1. Commute Seattle, a joint project of the Downtown Seattle Association, King County, and the City of Seattle, is hosting a "Winter Biking Seminar" tomorrow. It's a brown-bag information session run by the Washington Bicycle Alliance's certified instructors all about winter biking (because when it's raining and you're bombing down Madison on your way to work and your brakes suddenly fail, you'll wish someone had been there to tell you to switch to aluminum wheel rims).

The seminar also comes with a free bike light and Seattle bike maps.

Tomorrow, from noon to 1 pm, at GGLO Space at the Steps (1301 First Ave, Level A).

2. Oral histories are awesome. The New York Times' "One in Eight Million" series, for example, had me procrastinating like I didn't have anything in the world to do except sit in front of my laptop and listen to people talk about urban hiking, or Mormonism, or eating tongue sandwiches in Harlem.

Oral histories are entertainment at it's barest bones, the essence of why people watch TV or go to parties (but without all the noise)—to listen to people talk about themselves and to judge them, or compare your stories with theirs, and hearing the patterns emerge.

This was partly John Bowe's motive in writing Us: Americans Talk About Love, which he's reading from tomorrow evening at a tea shop in Ballard.
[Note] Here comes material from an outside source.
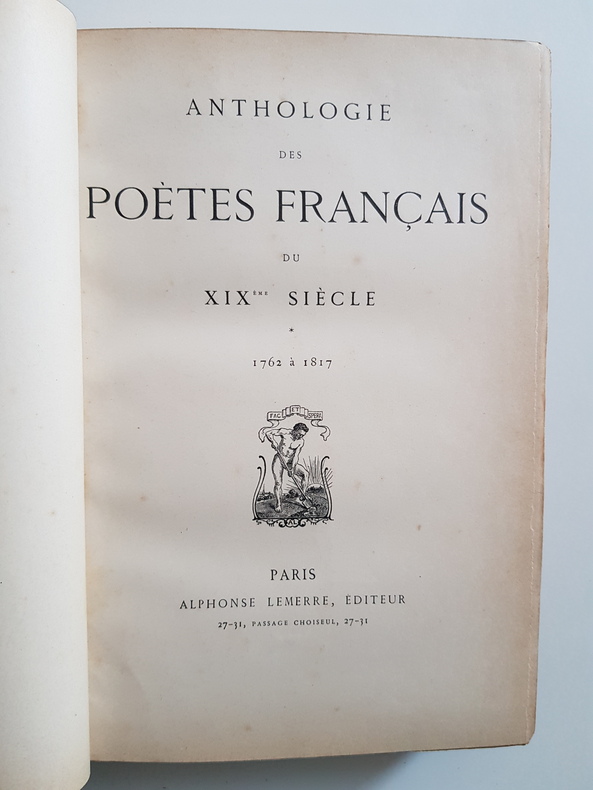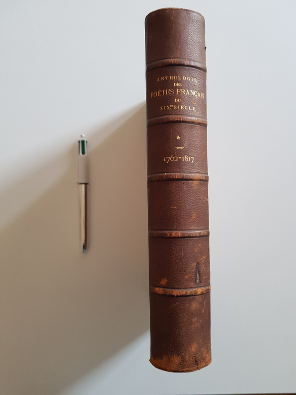 Titre : Anthologie des poètes français du XIXe siècle - 1762 à 1817 Auteur : Lemerre Alphonse ? Éditeur : Alphonse Lemerre Lieu : Paris Date : 1887 Langue : Français Reliure : Demi-chagrin brun à coins, dos à nerfs titré et orné à l’or, plats de papier marbré. In-8. État : Bon exemplaire. Frottements et petites épidermures au dos et aux coins, coiffe inférieure usée, quelques traces d’usage aux plats. Intérieur propre dans l’ensemble, papier jauni, rousseurs éparses. Solide. Particularités : Achevé d’imprimer le 1er juin 1887. Vignette de titre et ornements typographiques. Volume couvrant la période 1762-1817 avec notices et pièces choisies (ex. Chateaubriand). Contenu : Choix représentatif de la poésie française aux débuts du XIXe siècle - transition fin XVIIIe et romantisme naissant, notices biographiques et critiques, textes en vers. Format : In-8

Spurred by his own history of failed relationships, Bowe—The New Yorker, NYT Magazine, NPR's This American Life recorded people's stories of happiness, abuse, and jealousy, ie, love.

A sampling of Bowe's stories, in their full procrastination-inducing glory, is available to read on Salon.



Tomorrow night at 7 pm, at Miro Tea in Ballard (5405 Ballard Ave NW). Free.

3. Now that PubliCola has turned you onto THEESatisfaction, you might as well follow this thing through.

You should go to the High Dive tomorrow to see Champagne Champagne (rappers whose new collab with THEESatis, which includes their best song, "Magnetic Blackness," is forthcoming) and super-energetic old-school duo They Live! (or, as they're called starting tomorrow, "Mash Hall"—apparently the old name was taken).

Wild Orchid Children, who have a reputation for rocking really hard, and also for wearing jean shorts and kicking their legs in the air, are also playing.

With Mad Rad's Terry Radjaw. Tomorrow night at 9 pm the High Dive (513 North 36th Street). $8 cover, 21+.